Some limitations of the current study should be mentioned here. First, we did not measure the corresponding levels of osteoprotegerin. It has been well established that the ratio of TRAIL to osteoprotegerin carries the more relevant information. Second, we did not detect the TRAIL expression in different tissues (such as endothelial cells and vascular smooth muscle cells) under different conditions (high concentrations of glucose, insulin, metformin and lipids, etc), so we cannot explain the changes of circulating TRAIL during treatment course. Third, Weng et al. reported early intensive insulin therapy in patients with newly diagnosed type 2 diabetes has favourable outcomes on recovery and maintenance of β-cell function and protracted glycaemic remission compared with treatment with oral hypoglycaemic agents. Therefore, we have performed early intensive therapy for this study group. However, we did not measure the β-cell function for all patients, such we cannot figure out relation between plasma TRAIL concentrations and β-cell function.
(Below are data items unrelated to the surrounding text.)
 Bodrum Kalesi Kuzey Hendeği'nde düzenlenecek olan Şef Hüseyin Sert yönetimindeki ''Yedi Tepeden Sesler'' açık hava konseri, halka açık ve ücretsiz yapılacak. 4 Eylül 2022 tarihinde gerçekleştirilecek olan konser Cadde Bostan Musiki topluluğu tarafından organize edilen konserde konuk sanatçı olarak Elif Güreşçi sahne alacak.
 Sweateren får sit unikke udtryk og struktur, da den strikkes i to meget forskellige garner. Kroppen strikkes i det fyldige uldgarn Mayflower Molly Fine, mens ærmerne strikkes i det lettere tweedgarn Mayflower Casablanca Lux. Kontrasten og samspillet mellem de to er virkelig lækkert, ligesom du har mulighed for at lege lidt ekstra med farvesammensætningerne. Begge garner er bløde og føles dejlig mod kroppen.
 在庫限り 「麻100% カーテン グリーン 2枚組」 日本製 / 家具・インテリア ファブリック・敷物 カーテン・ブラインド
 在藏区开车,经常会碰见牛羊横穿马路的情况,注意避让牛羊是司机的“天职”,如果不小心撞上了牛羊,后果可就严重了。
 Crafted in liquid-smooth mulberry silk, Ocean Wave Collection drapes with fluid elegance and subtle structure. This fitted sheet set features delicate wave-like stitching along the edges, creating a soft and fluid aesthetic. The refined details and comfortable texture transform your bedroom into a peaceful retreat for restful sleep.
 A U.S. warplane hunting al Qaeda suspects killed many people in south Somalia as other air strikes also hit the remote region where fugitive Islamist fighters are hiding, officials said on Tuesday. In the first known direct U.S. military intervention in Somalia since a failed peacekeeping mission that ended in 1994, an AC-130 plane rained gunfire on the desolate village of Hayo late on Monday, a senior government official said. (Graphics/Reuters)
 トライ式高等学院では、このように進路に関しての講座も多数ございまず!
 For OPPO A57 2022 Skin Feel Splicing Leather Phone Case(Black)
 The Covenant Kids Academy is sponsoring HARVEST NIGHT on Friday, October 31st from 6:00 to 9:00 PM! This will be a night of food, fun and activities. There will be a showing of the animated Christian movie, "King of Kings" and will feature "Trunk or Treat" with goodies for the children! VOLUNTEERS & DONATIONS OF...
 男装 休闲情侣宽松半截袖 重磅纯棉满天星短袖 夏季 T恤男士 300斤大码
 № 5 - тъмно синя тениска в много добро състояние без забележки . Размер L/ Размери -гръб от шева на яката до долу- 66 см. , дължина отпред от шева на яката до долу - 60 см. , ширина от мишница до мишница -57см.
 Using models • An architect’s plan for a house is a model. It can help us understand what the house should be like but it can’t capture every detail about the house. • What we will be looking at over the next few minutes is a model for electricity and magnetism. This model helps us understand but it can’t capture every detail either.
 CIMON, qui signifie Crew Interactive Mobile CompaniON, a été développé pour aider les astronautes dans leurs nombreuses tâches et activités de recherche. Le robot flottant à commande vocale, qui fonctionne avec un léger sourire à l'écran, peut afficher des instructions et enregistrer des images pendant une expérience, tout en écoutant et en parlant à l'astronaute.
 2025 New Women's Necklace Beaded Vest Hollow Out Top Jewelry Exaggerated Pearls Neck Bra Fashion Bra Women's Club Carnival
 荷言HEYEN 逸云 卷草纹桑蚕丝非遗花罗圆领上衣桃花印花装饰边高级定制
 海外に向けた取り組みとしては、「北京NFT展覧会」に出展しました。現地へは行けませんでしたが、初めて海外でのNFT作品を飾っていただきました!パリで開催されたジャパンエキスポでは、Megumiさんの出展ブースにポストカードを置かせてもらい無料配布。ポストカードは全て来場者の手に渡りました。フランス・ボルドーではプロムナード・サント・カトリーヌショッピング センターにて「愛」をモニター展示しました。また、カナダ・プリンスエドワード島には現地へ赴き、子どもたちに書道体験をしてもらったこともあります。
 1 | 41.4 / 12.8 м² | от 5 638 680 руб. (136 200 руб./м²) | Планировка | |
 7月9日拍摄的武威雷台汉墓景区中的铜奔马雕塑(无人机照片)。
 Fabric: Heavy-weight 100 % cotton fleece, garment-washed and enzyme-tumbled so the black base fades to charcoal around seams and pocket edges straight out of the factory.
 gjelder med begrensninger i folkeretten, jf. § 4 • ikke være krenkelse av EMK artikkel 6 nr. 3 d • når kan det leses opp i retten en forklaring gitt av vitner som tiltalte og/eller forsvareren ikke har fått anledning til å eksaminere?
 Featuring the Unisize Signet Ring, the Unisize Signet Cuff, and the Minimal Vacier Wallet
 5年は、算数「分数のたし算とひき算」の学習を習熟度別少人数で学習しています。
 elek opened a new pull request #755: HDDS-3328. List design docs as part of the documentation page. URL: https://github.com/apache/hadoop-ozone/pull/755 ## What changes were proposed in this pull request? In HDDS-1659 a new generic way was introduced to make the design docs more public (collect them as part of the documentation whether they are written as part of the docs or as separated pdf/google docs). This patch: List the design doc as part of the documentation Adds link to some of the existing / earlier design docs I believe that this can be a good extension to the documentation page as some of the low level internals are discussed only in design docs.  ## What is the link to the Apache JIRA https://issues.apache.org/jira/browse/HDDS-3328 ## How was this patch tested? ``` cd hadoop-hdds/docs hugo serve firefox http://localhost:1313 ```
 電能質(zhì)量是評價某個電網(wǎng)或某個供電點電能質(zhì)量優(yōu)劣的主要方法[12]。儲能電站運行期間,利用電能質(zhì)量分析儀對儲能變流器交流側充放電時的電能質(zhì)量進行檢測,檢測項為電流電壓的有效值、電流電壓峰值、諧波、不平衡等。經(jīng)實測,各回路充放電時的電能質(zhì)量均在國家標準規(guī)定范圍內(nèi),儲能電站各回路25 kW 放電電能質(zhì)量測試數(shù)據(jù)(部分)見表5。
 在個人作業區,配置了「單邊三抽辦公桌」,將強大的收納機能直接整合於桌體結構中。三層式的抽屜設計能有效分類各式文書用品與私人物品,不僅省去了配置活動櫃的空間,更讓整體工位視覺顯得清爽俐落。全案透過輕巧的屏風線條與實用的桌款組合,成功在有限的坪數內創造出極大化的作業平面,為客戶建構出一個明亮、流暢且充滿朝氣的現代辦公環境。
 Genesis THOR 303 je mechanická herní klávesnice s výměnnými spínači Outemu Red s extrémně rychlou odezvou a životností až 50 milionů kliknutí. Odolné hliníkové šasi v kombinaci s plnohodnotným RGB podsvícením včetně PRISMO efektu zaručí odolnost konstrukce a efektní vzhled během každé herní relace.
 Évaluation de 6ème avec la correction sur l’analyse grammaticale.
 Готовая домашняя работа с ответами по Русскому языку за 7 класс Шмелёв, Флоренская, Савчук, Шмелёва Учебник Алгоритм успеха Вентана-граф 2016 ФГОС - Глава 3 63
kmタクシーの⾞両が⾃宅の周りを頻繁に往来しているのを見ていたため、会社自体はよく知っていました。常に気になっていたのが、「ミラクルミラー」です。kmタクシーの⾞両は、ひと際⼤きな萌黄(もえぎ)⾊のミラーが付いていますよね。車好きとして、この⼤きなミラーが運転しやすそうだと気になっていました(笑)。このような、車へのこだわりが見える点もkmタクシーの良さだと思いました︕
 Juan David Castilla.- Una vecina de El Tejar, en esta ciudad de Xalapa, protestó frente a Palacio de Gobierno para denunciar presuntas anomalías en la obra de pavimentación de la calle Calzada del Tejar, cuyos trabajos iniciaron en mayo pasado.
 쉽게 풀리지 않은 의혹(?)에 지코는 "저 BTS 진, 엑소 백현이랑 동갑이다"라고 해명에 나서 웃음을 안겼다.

In conclusion, our data demonstrated that plasma soluble TRAIL levels decreased dramatically at baseline and increased significantly after 6 months of diabetic treatment in newly diagnosed type 2 diabetes. Moreover, the changes of circulating TRAIL concentrations were positively correlated with FMD during the course of insulin plus metformin treatment in this study group. These results indicate that TRAIL may have protective effects on endothelium in diabetes. Further studies are warranted to determine the functional role of circulating TRAIL in the development of atherosclerosis in diabetic patients.